**Prompt**
Please copy out the full listing that follows exactly; no picture belongs in the copy.

**Dataset section**
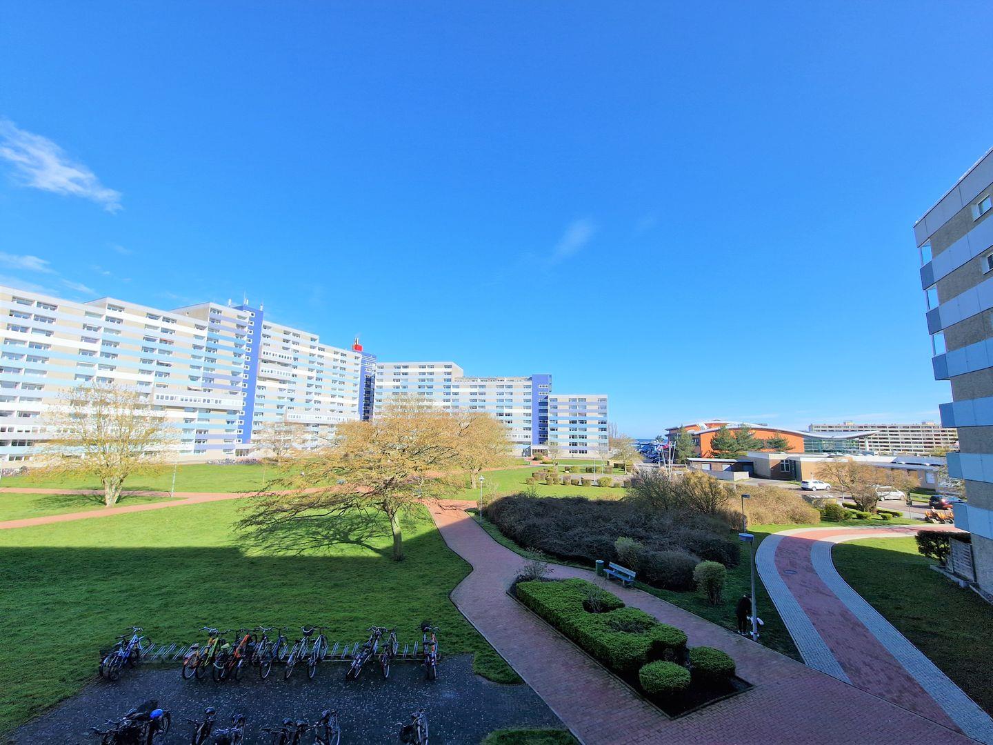 Moderne, helle Ferienwohnung in Heiligenhafen mit Blick auf parkähnlichen Innenhof und bei klarem Wetter bis zur Ostsee.
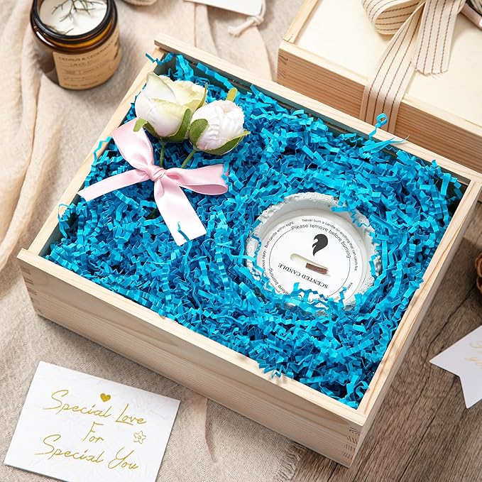 • Shredded Paper for Gift Box: Decorate your gift with this blue crinkle paper to fully display your gift and make your gift more attractive.Perfect to fill the extra spaces in your gift boxes or basket.
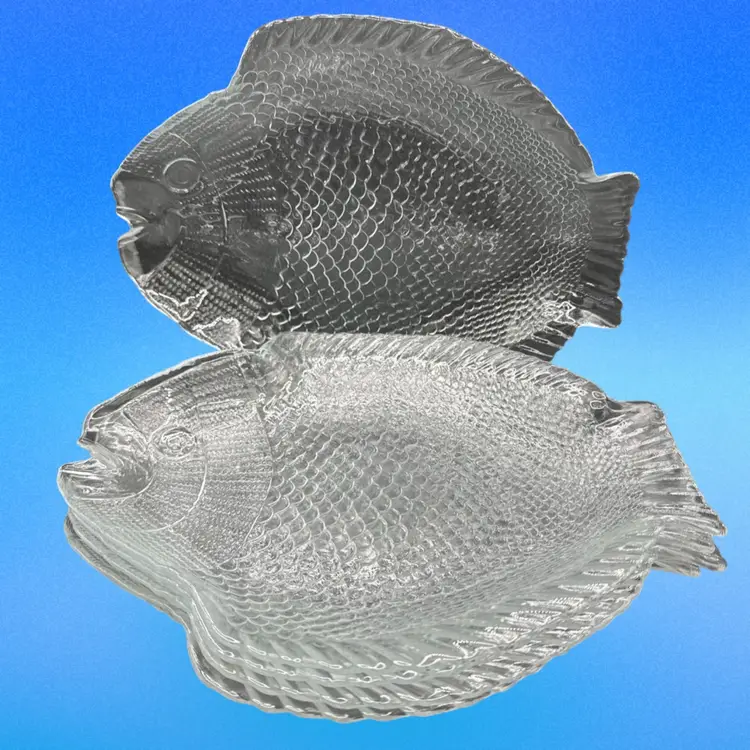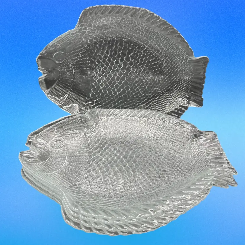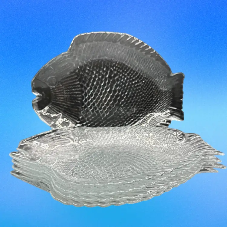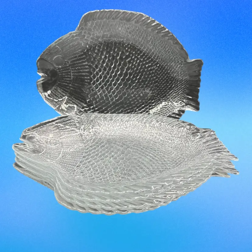 This set of (5) Pasabahce fish shaped textured plates is perfect for serving fish-themed meals, Sushi or snacks. ASABAHCE Turkish Glass Fish Plate Nautical Marine Plate Sushi Dish Serving Seafood Platter (Single Plate) Made In Turkey The clear glass plates feature a unique fish-shaped design, making them suitable for all occasions. Measuring 10”x 8”, these plates are both stylish and practical for your dining needs. Made of high-quality glass, these plates are sure to add a touch of elegance to your table setting.
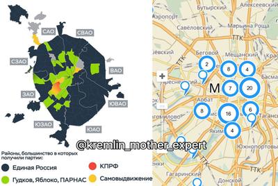 Например, в Останкино победили все кандидаты блока «Наше Останкино», где из 12 победивших депутатов – 7 депутаты, выдвинутые КПРФ. Есть районы, где «Яблоко» завоевало все мандаты муниципальных депутатов (Гагаринский), а также, где «Яблоко» или коалиция Гудкова-Каца получили все мандаты, кроме одного (например, район Ломоносовский).

**Result of the exercise**
 Moderne, helle Ferienwohnung in Heiligenhafen mit Blick auf parkähnlichen Innenhof und bei klarem Wetter bis zur Ostsee.
 • Shredded Paper for Gift Box: Decorate your gift with this blue crinkle paper to fully display your gift and make your gift more attractive.Perfect to fill the extra spaces in your gift boxes or basket.
 This set of (5) Pasabahce fish shaped textured plates is perfect for serving fish-themed meals, Sushi or snacks. ASABAHCE Turkish Glass Fish Plate Nautical Marine Plate Sushi Dish Serving Seafood Platter (Single Plate) Made In Turkey The clear glass plates feature a unique fish-shaped design, making them suitable for all occasions. Measuring 10”x 8”, these plates are both stylish and practical for your dining needs. Made of high-quality glass, these plates are sure to add a touch of elegance to your table setting.
 Например, в Останкино победили все кандидаты блока «Наше Останкино», где из 12 победивших депутатов – 7 депутаты, выдвинутые КПРФ. Есть районы, где «Яблоко» завоевало все мандаты муниципальных депутатов (Гагаринский), а также, где «Яблоко» или коалиция Гудкова-Каца получили все мандаты, кроме одного (например, район Ломоносовский).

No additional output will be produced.